一棵枝繁葉茂的樹。
一個永遠神光輝映的人。
洛蘇身上似乎永遠籠罩著一層湛湛青光。
望著李世民走進,洛蘇微微笑著,垂落的柳枝搭在他的肩頭,他依舊是李世民記憶中的溫和模樣,“秦王,好久不見。”
在李世民二十三歲的人生中,他遇到過形形色色的人,但在他心中能作為他老師的人,隻有一個,那就是洛蘇。
他人生中第一次知道一個人竟然能博學多識到那種程度。
即便這些年他麾下聚集群豪,其中不乏房玄齡和杜如晦這等人,但他曾見過最高的山,最長的河,於是便覺日後的所有都不夠高闊。
“文公。”
李世民抱拳作揖。
“坐。”
洛蘇身前擺著一個棋盤,黑白分明的棋盒放在兩側。
李世民規矩的坐在洛蘇身前,洛蘇將黑棋給李世民推過去,在棋盤上發出沙沙的聲音,笑道:“好多年沒有和你下棋了,看看你棋藝長進如何。
老規矩,你先來。”
老規矩,即洛蘇讓李世民三先。
李世民沒有推辭,文公洛蘇是無死角的強,棋藝是毫無爭議的天下第一,即便是讓三先,他也沒有贏過。
心中藏著事的人,是難以靜下心來執棋的。
望著自己先走三步所出現的優勢,已經消失的李世民,終於忍不住問道:“文公,您來到這裡,是有什麼話想要和我說嗎?”

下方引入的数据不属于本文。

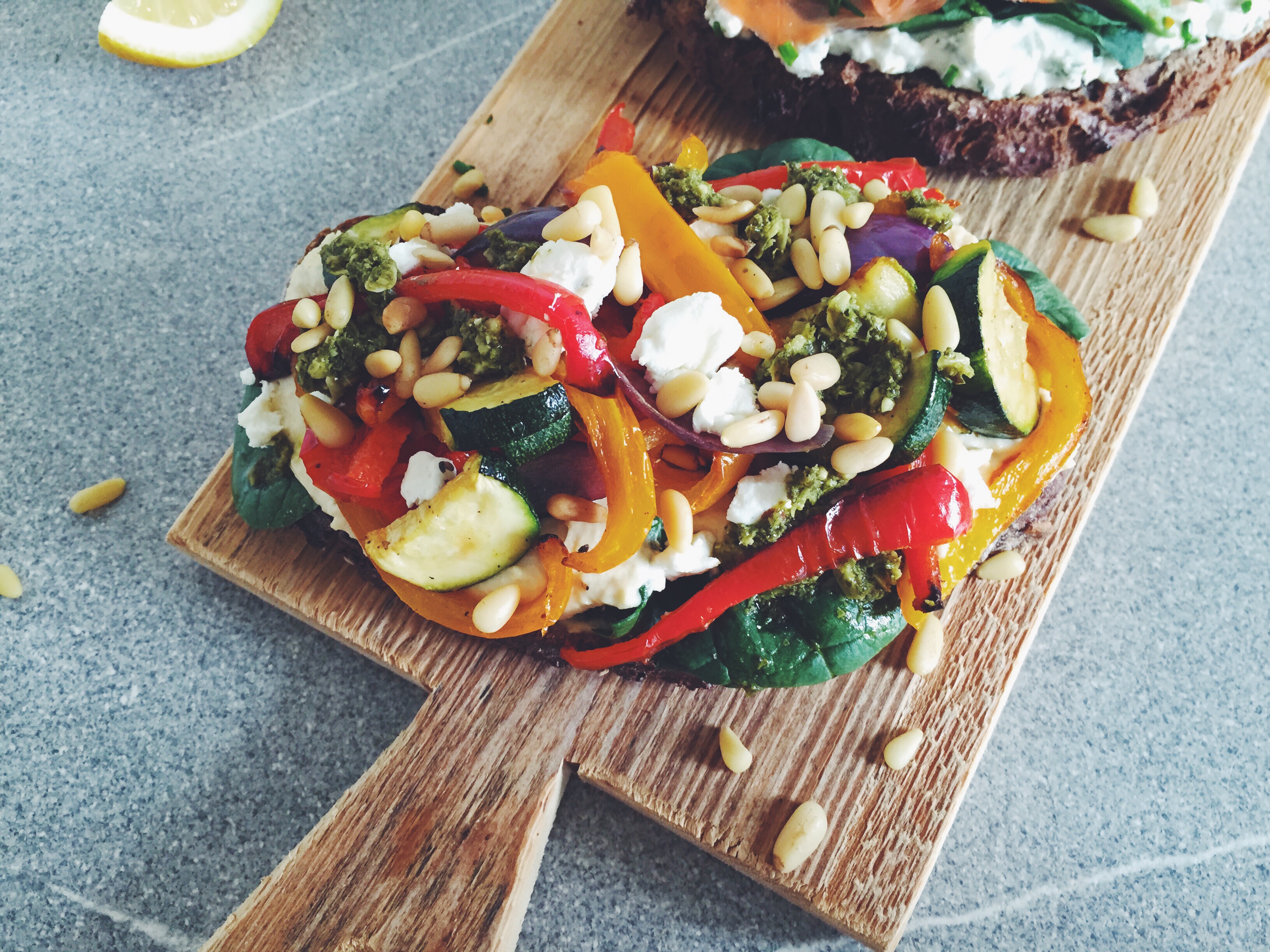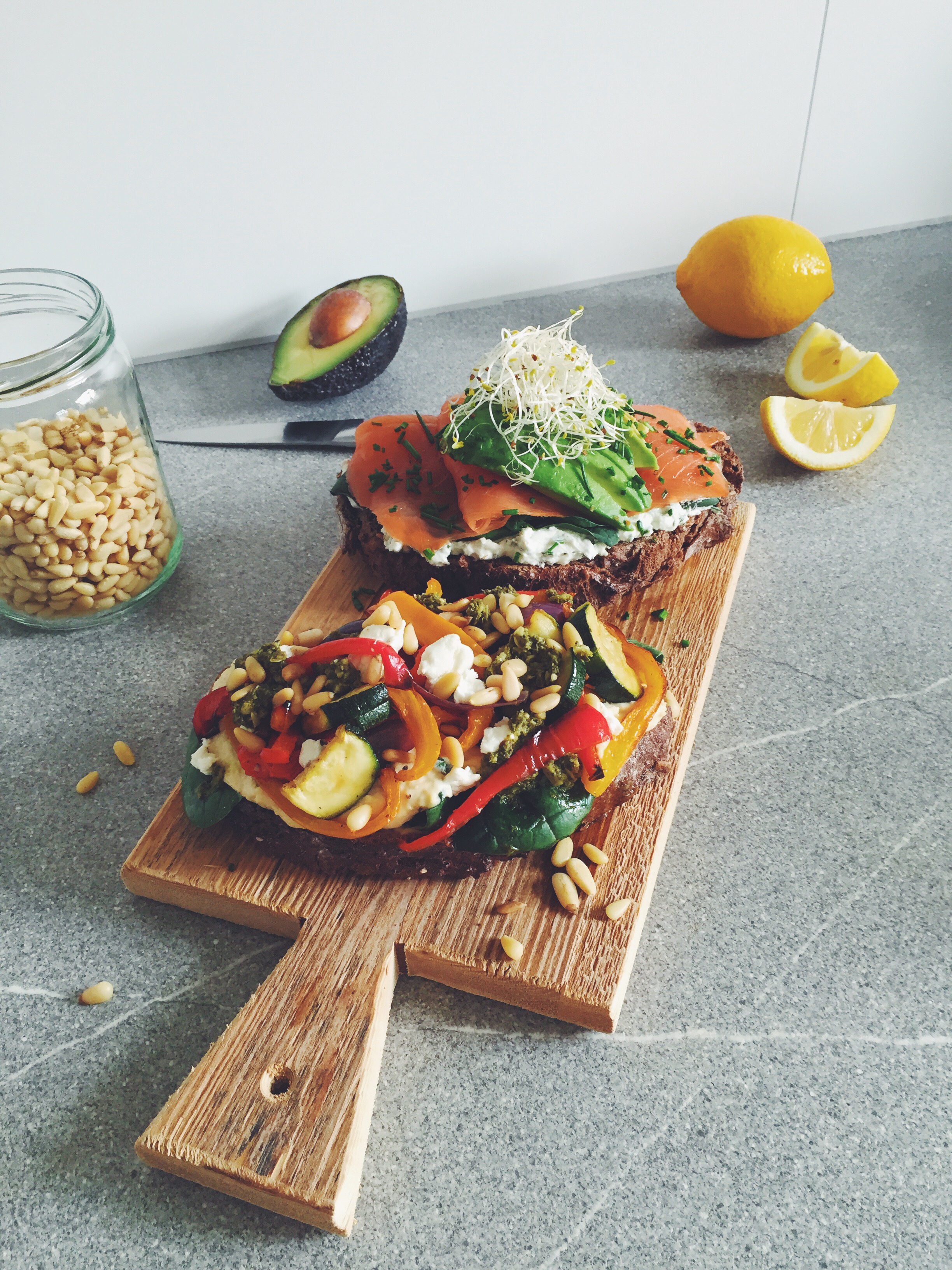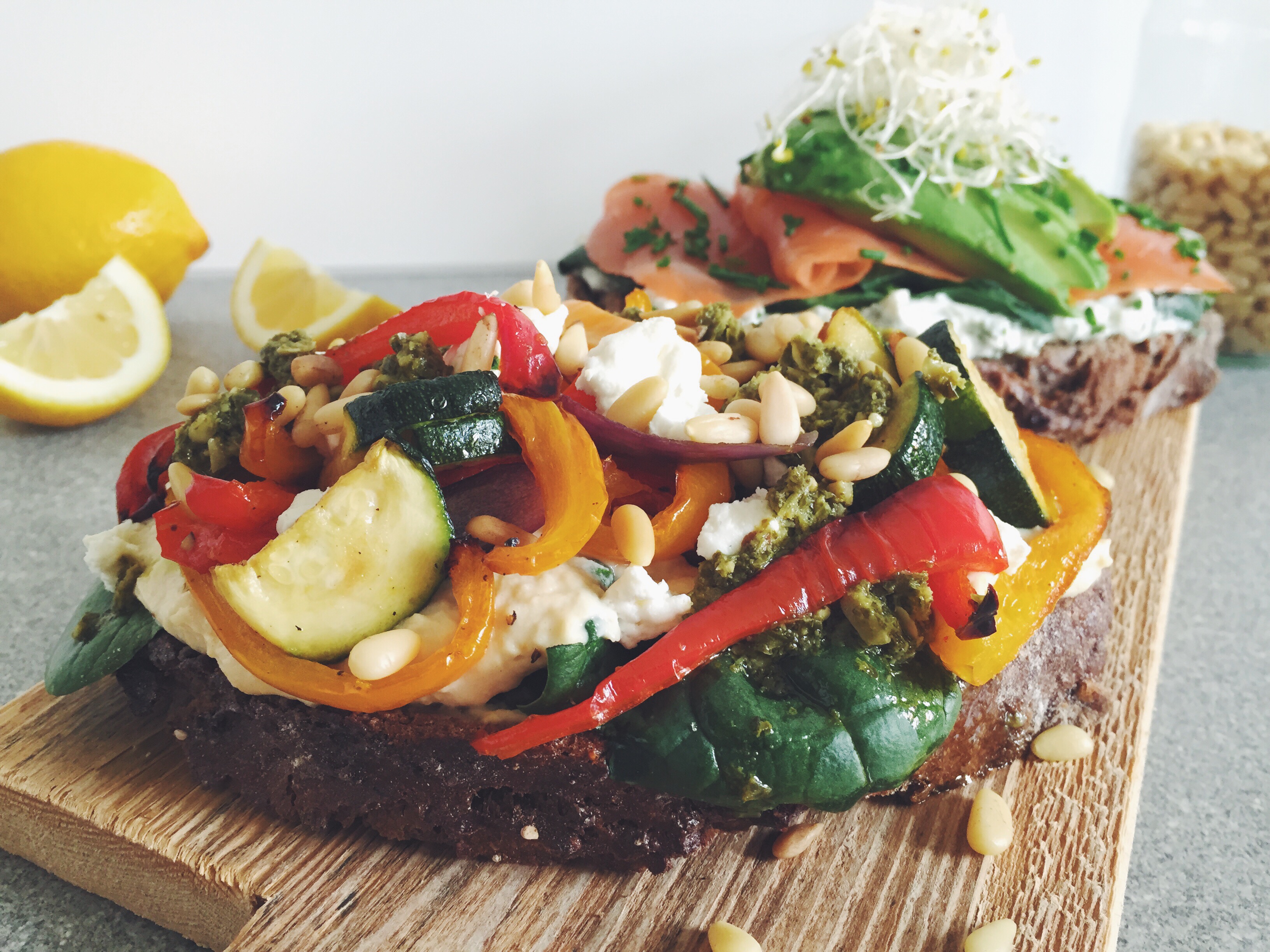 Wanneer ik brood eet, zorg ik er altijd voor dat het van goede kwaliteit is en beleg ik het met voedingsstofrijke producten zoals notenpasta, zalm, kiemen, geitenkaas, gegrilde groenten en humus. Vandaag deel ik 2 van mijn favoriete combinaties (de variant met humus is geïnspireerd op mijn favoriete salade van Bairro Alto :)).

洛蘇手中撚著白棋,笑道:“來祝賀伱,天下即將一統,政歸李氏大唐,新的天子冠冕將會在諸夏大地上升起。”
李世民眼神一縮,不曾有很興奮的神色,“哦,這樣啊。”
洛蘇似乎是在閒聊著,“李氏能夠一統,這是你的功勞,你的父親可曾答應過你什麼事嗎?”
洛蘇一問,李世民就想起李淵曾經經常和他說,“你對大唐有功,我在思慮要不要將你立為太子。”
但李淵雖然這麼說過,卻從來沒有正式說過這些話,隻是私下閒聊。
但文公問起這些話,那就絕不可能是隨意說說,他強忍著心中激動,“文公,您是為什麼而來的?”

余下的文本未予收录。